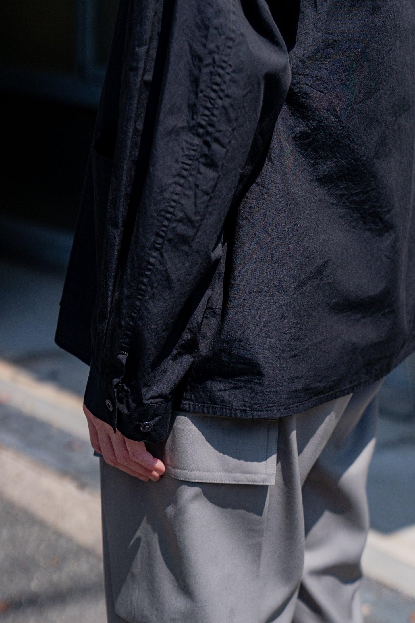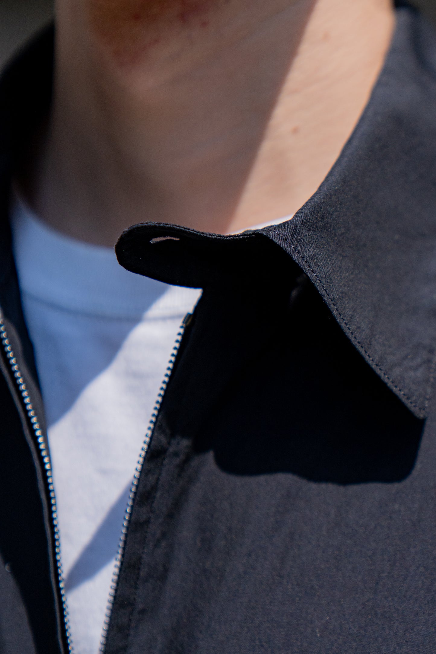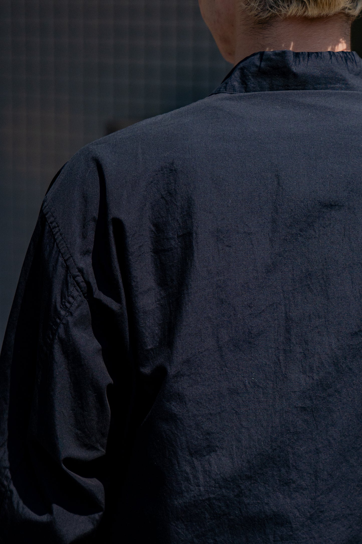 超長綿の経糸緯糸を少し色を変えシャトル織機で時間をかけ高密度に織り上げ、自然な光沢とクタッとした柔らかな肌触り、綺麗すぎず少し不揃いな表面感が特徴です。
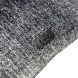 Luxury Cashmere: Authentic Agnona pillow, granite wool/ alpaca woven front and grantie gray pattern back in wool/silk, embroidered Agnona logo on reverse side, hidden zipper, made in Italy. Authentic Agnona Scarves, women collection scarves and home accessories. Shop Agnona Throws/ Pillows.
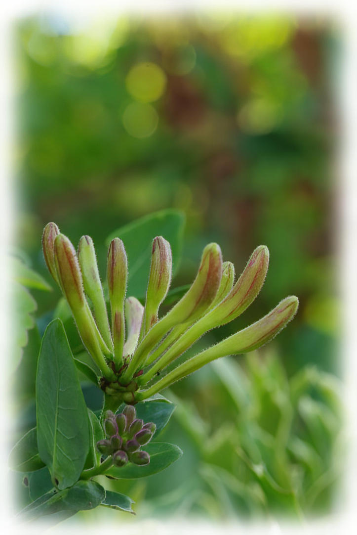 The flower buds of Lonicera periclymenum ‘Graham Thomas’ in the back garden.
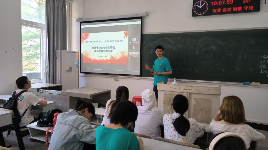 于6月8日召开资助政策专题培训会议,会议由兼职辅导员吴丹老师主持,吴老师分别从资助体系流程、生源地贷款以及诚信还款三个方面进行讲解,跟同学们详细讲解了资助流程及重点和生源地贷款,告诉毕业年级同学要诚信还款,不要因为一时不查影响个人征信,并通过会后答疑加强学生对生源地贷款还款流程、毕业生毕业确认等贷后管理工作的了解。
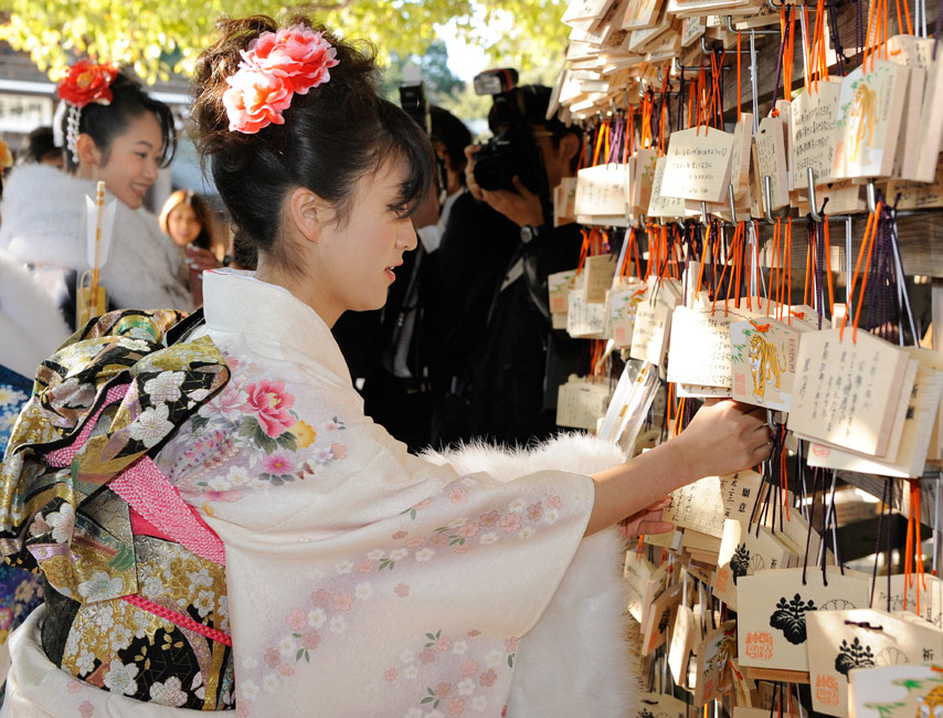 今年的1月11日,是日本传统的成人节,所有满20岁的年轻人将宣告自己迈进了成人行列。1月8日,日本一家公司年满20岁的年轻女孩纷纷穿上和服,到庙宇中祈福,提前庆祝成人节的到来。

Task directions: Could you return, word for word, every line from the line with "于6月8日召开资助政策专题培" through the last line of the listing above, both ends included, without any pictures?

Answer space:
 于6月8日召开资助政策专题培训会议,会议由兼职辅导员吴丹老师主持,吴老师分别从资助体系流程、生源地贷款以及诚信还款三个方面进行讲解,跟同学们详细讲解了资助流程及重点和生源地贷款,告诉毕业年级同学要诚信还款,不要因为一时不查影响个人征信,并通过会后答疑加强学生对生源地贷款还款流程、毕业生毕业确认等贷后管理工作的了解。
 今年的1月11日,是日本传统的成人节,所有满20岁的年轻人将宣告自己迈进了成人行列。1月8日,日本一家公司年满20岁的年轻女孩纷纷穿上和服,到庙宇中祈福,提前庆祝成人节的到来。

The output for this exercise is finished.